Search code examples
cudathrustdynamic-parallelism

How to call a Thrust function in a stream from a kernel?


I want to make thrust::scatter asynchronous by calling it in a device kernel(I could also do it by calling it in another host thread). thrust::cuda::par.on(stream) is host function that cannot be called from a device kernel. The following code was tried with CUDA 10.1 on Turing architecture.
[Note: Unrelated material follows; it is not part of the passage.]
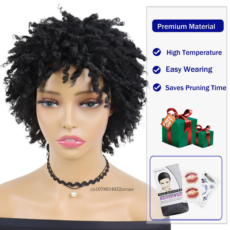 Synthetic Braided Wigs for Women Locs Crochet Twist Hair Short Afro Wig Ladies Dreadlock Wig Black Daily Curly Cool Girl Bouncy

__global__ void async_scatter_kernel(float* first,
    float* last,
    int* map,
    float* output)
{
    cudaStream_t stream;
    cudaStreamCreateWithFlags(&stream, cudaStreamNonBlocking);
    thrust::scatter(thrust::cuda::par.on(stream), first, last, map, output);
    cudaDeviceSynchronize();
    cudaStreamDestroy(stream);
}

I know thrust uses dynamic parallelism to launch its kernels when called from the device, however I couldn't find a way to specify the stream.


Solution

  • The following code compiles cleanly for me on CUDA 10.1.243:

    $ cat t1518.cu
    #include <thrust/scatter.h>
    #include <thrust/execution_policy.h>
    
    __global__ void async_scatter_kernel(float* first,
        float* last,
        int* map,
        float* output)
    {
        cudaStream_t stream;
        cudaStreamCreateWithFlags(&stream, cudaStreamNonBlocking);
        thrust::scatter(thrust::cuda::par.on(stream), first, last, map, output);
        cudaDeviceSynchronize();
        cudaStreamDestroy(stream);
    }
    
    int main(){
    
      float *first = NULL;
      float *last = NULL;
      float *output = NULL;
      int *map = NULL;
      async_scatter_kernel<<<1,1>>>(first, last, map, output);
      cudaDeviceSynchronize();
    }
    $ nvcc -arch=sm_35 -rdc=true t1518.cu -o t1518
    $ nvcc --version
    nvcc: NVIDIA (R) Cuda compiler driver
    Copyright (c) 2005-2019 NVIDIA Corporation
    Built on Sun_Jul_28_19:07:16_PDT_2019
    Cuda compilation tools, release 10.1, V10.1.243
    $
    

    The -arch=sm_35 (or similar) and -rdc=true are necessary (but not in all cases sufficient) compile switches for any code that uses CUDA Dynamic Parallelism. If you omit, for example, the -rdc=true switch, you get an error similar to what you describe:

    $ nvcc -arch=sm_35 t1518.cu -o t1518
    t1518.cu(11): error: calling a __host__ function("thrust::cuda_cub::par_t::on const") from a __global__ function("async_scatter_kernel") is not allowed
    
    t1518.cu(11): error: identifier "thrust::cuda_cub::par_t::on const" is undefined in device code
    
    2 errors detected in the compilation of "/tmp/tmpxft_00003a80_00000000-8_t1518.cpp1.ii".
    $
    

    So, for the example you have shown here, your compilation error can be eliminated either by updating to the latest CUDA version or by specifying the proper command line, or both.